YOUR TASK: Transcribe the listing exactly, skipping every picture.

THE DATA:
--------------------------------

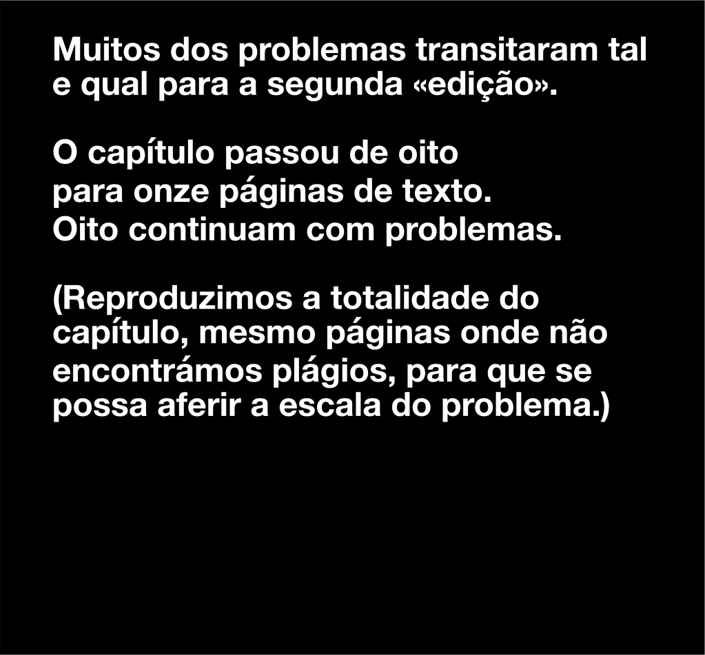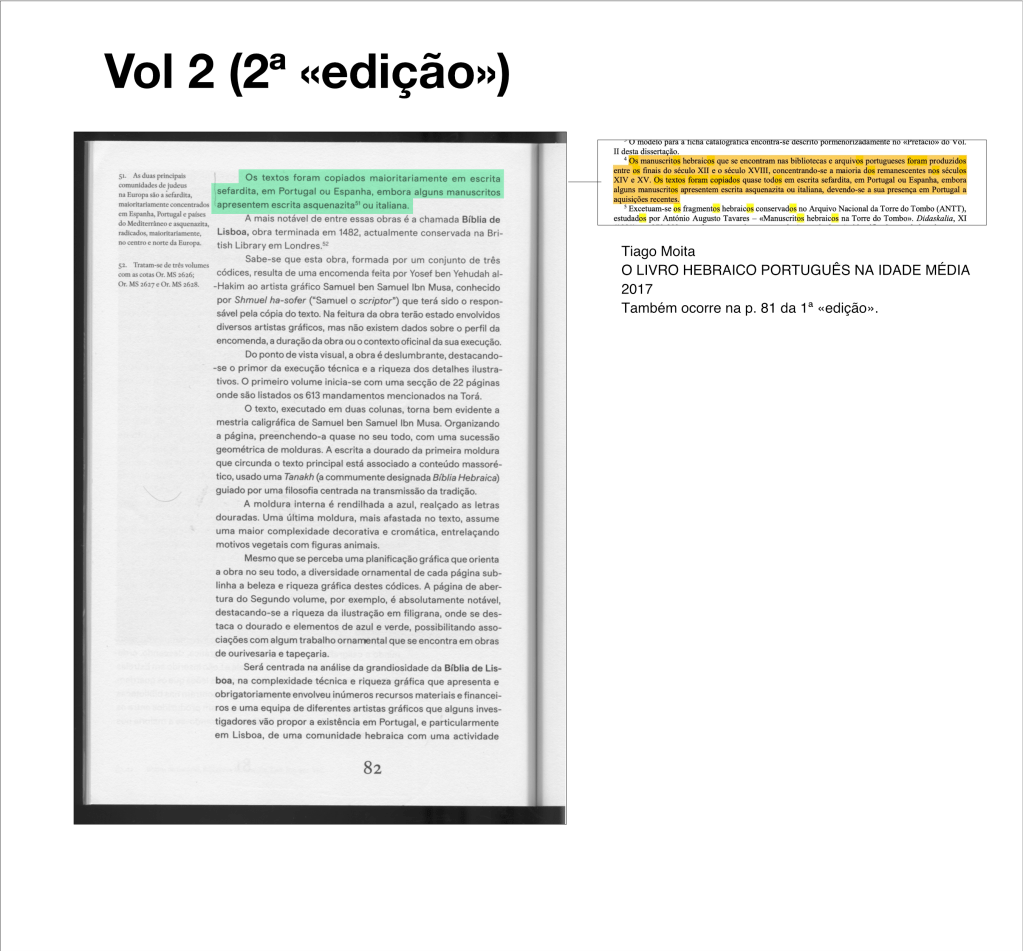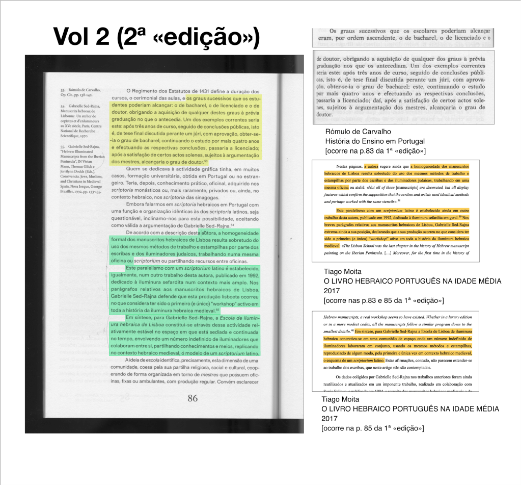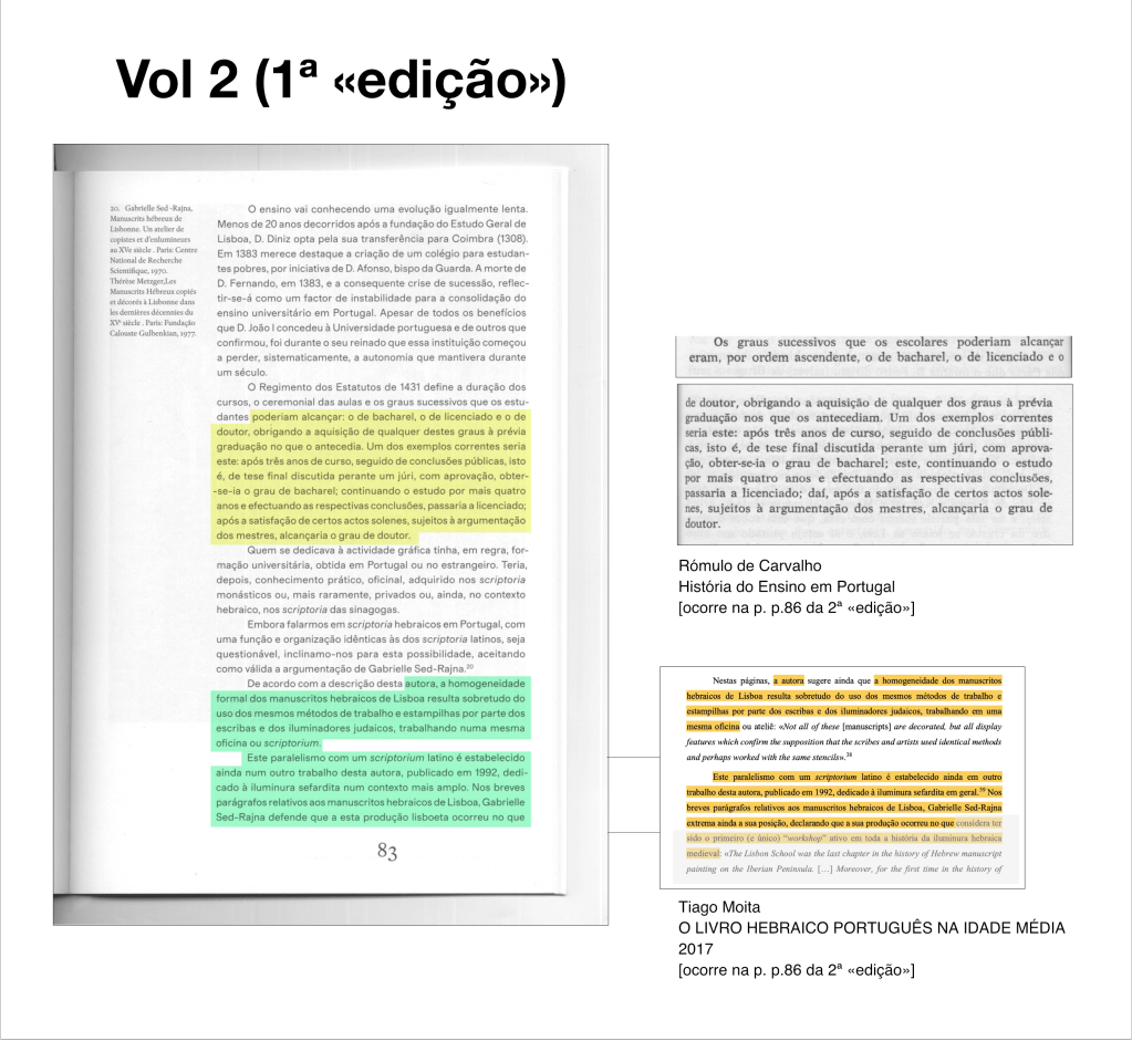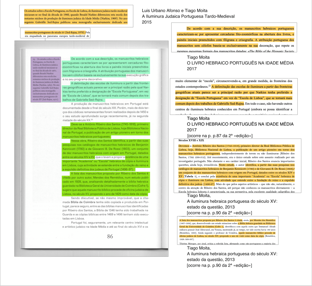 Quase todos os trechos problemáticos foram apropriados de obras de Luís Urbano Afonso, historiador de arte, Professor da Universidade de Lisboa e Tiago Moita, historiador de arte, investigador, teólogo.
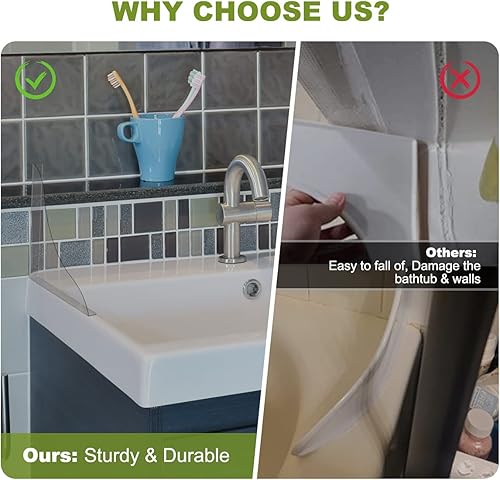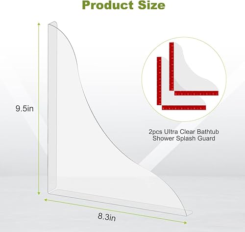2 Stück Badewannen-Dusch-Spritzschutz, Spritzschutz für Badezimmer, Badewanne, Ecke mit 3M Super-Viskose, transparente Badewannen-Spritzschutz, 2 Stück
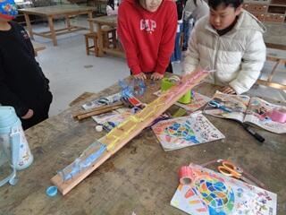 ・グループで協力しながら作りました。板に釘を打ち付け、ビー玉が転がり落ちないようにひもを付け、釘にはじかれながら坂を下っていくコースターに仕上げました。

--------------------------------

ANSWER AREA:
 Quase todos os trechos problemáticos foram apropriados de obras de Luís Urbano Afonso, historiador de arte, Professor da Universidade de Lisboa e Tiago Moita, historiador de arte, investigador, teólogo.
2 Stück Badewannen-Dusch-Spritzschutz, Spritzschutz für Badezimmer, Badewanne, Ecke mit 3M Super-Viskose, transparente Badewannen-Spritzschutz, 2 Stück
 ・グループで協力しながら作りました。板に釘を打ち付け、ビー玉が転がり落ちないようにひもを付け、釘にはじかれながら坂を下っていくコースターに仕上げました。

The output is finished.